Le Roi est Mort, longue vie au Roi (article) is a popular phrase in French. It signifies that if the king died royalty would continue and he would quickly be succeeded. Social media has just entered a new age, I believe. Twitter, Facebook and other giants have grown too big, and algorithms have destroyed the sense of community. That an individual could buy Twitter, and affect it’s political leaning has affected people’s perception of Twitter.
People have reverted back to Facebook, moved on to Mastodon and more. People have reopened their eyes and are ready to try new social networks once again. This is a good situation to be in. According to one calculation Musk has valued each Twitter at 167 dollars. (If we assume 44 billion divided by 250 million).
The problem with social networks is that their value comes from two places. The first of these is the user community. Social networks have value because they have people coming back day after day for months of years, and conversing with each other. Instagram lost its value when it was bought by Facebook, ads were added, and influencers. rather than friends of friends appeared in timelines. A social network is about friendships. Instagram became a glossy magazine so I stopped using it.
Social networks are dependent on their users but they are also dependent on the programmers that are working on them. To set up a twitter clone on a small scale takes about two hours if you use the Laravel framework. I know, because that’s what I did twice this weekend. The challenge is in scaling up, and that’s why Twitter had teams of engineers working on various aspects of the platform. By scuttling the engineering teams Musk has removed the people with the skills and experience to prevent the website from collapsing under its own weight. When React or some other framework updates their code Twitter will struggle to keep up, and that’s when I expect it to collapse.
While Twitter fights for its survival other networks are grabbing the opportunity to grow. Mastadon is growing, Post.news is growing, Facebook might see some people reverting to their network.
The discussion has shifted from the Open Graph as Zuckerberg called it to ActivityPub. The current area of focus for many is to create a syndicated/federated network of networks where people communicate with each other across platforms and websites.

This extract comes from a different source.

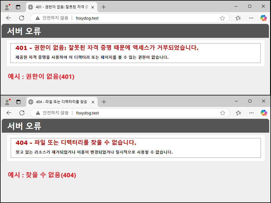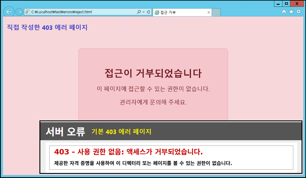 Windows Server IIS는 기능은 추가되어도 기본 기능 자체는 크게 변함이 없어서 좋습니다. 다시 정리하자면 오류 페이지도 하나의 HTTP 요청이므로, 접근 제한 정책에 영향을 받습니다. 전체 거부 정책을 사용하더라도, 오류 페이지용 경로만은 반드시 허용해야 합니다. IIS에서는 URL별 예외 허용 기능을 통해 이를 해결할 수 있습니다. 참고하시면 좋을 것 같습니다.

We used to transfer our contacts and other information from one platform to another when we joined a new network. Now the idea is to share that data between websites in real time. I look forward to a more diverse social media landscape. I look forward to a more resilient network of social networks, where one individual cannot buy an entire social network on a whim, and destroy it.
Those that agreed to sell Twitter now have billions in their pockets, but in the process they have allowed Twitter to be destroyed. Websites such as twitter should be turned into organisations, for encouraging thought and discussion on an international scale.
I don’t want to be part of Twitter now. I’m tired of social media. That’s why I am blogging again. I want to invest my “social” time into something constructive. The development of thoughts and ideas, through the writing of blog posts.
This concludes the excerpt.